$10.1.15$ An electron rotates in an orbit of radius $R$ around a proton. How will the frequency of rotation of an electron in the same orbit change if the system is placed in a weak magnetic field of induction $B$, directed along the axis of rotation?
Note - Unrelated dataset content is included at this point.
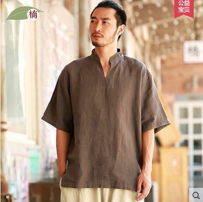 • 商品名称:中国风亚麻短袖衬衫中式立领宽松

Without magnetic field, electrical force is equivalent to centripetal force: $$m_e\frac{{v_0}^2}{R} = \frac{e^2}{4\pi\varepsilon_0 R^2}$$ and cosnidering that $\omega_0 = v_0 R$, $${\omega_0}^2 = \frac{e^2}{4\pi\varepsilon_0 m_e R^3} \quad(1)$$ If magnetic force is bigger than electric one, electron abandons the system, so $$\frac{e^2}{4\pi\varepsilon_0 R^2}-evB = m_e\frac{v^2}{R}$$ where $v = \omega R$, then $$\omega^2 = \frac{e^2}{4\pi\varepsilon_0 m_e R^3} - \frac{e\omega B}{m_e}$$ Taking in account (1), $$\omega^2 + \frac{e\omega B}{m_e} - {\omega_0}^2 = 0$$ Applying the general formula of solution for quadratic equations, and considering $\omega > 0$ $$\omega = -\frac{eB}{2m_e} + \sqrt{\frac{e^2B^2}{4{m_e}^2}+{\omega_0}^2}$$ Now, it's time to check the orders of each magnitude. Let's see the terms under square root. Let's consider $e \approx 10^{-19} {\rm{C}}$, $B \approx 10^{-6} T$ (due to problem refers to weak magnetic field, we take in account the order of Earth's magnetic field from Problem 10.1.2), $m_e \approx 10^{-31} {\rm{kg}}$ and $R \approx 10^{-10} {\rm{m}}$ (in the order of Å). Hence, $${\omega_0}^2 = 10^{32} {\rm{s^{-2}}}$$ and $$\frac{e^2B^2}{4{m_e}^2} \approx 10^{28} {\rm{s^{-2}}}$$ For that, $${\omega_0}^2 >> \frac{e^2B^2}{4{m_e}^2}$$ by four orders. Finally,
$$\omega\approx \omega_0 - \frac{eB}{2m_e}$$
Note that $\omega_0$ is just two orders greater than $\frac{eB}{2m_e}$.